StockMarketWire.com - The EUR/JPY broke through a 24-month level of ¥123.85 in today's trading as the euro continues to make fresh highs against the majority of it counterparts. Strength indicators have since pulled back from an overbought level, which now identifies the next area of resistance looks to be at ¥127.48.

EUR/USD pushed higher to $1.3579 as Italian bond purchases see yields on the ten-year fell to 4.17% from Decembers level of 4.48%, which could be an indication of confidence returning to the Euro zone.

The US dollar which saw gains following the better-than-expected ADP non-farm employment change (192k) wiped out as the data was followed by a much weaker-than-expected Q4 GDP figure of -0.01%.

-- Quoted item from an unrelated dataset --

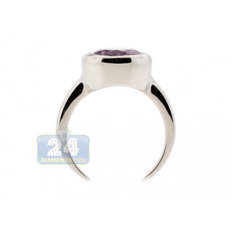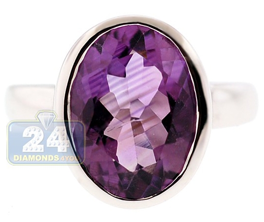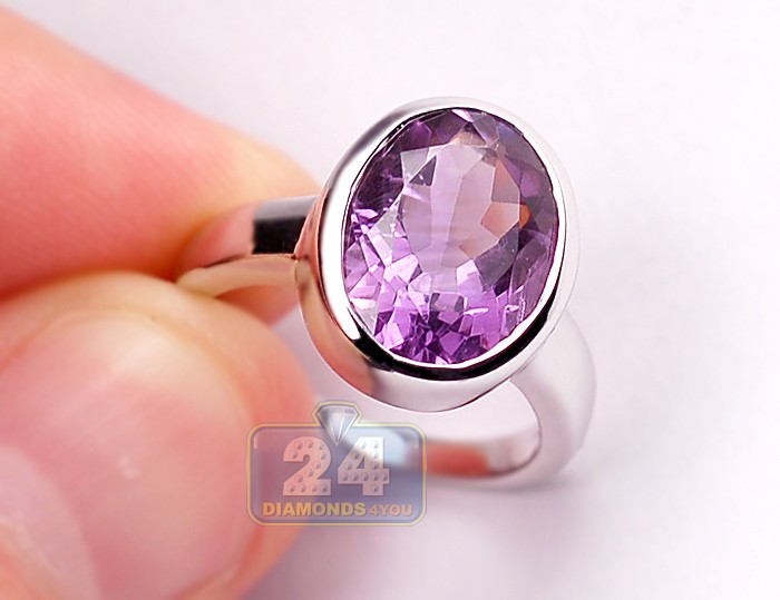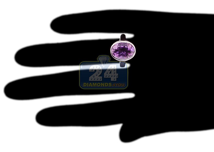 Enjoy such an elegant yet playful gemstone ring! It showcases a natural purple oval cut amethyst of Brazilian origin that is masterly bezel set in the center making this jewelry piece a really chic accessory! The setting of the ring is expertly produced in cool 925 sterling silver with highly polished shiny finish. Add this fascinating solitaire ring to your daily style!

Cable continues the rally as it reaches $1.5793 – the pair will be targeting a psychological level of $1.5805, which if broken should see a move higher with a target of $1.5886. The pair are well supported by strength indicators and both 50/100-day sma's.

The biggest mover of the day, so far is the NZD/CHF, falling 0.63% from 0.7718 to a low of 0.7622. The move is in hand with a large scale move into the Swiss franc, possibly by investors looking to decrease US dollar holdings ahead of the FOMC announcement later today (19:15GMT).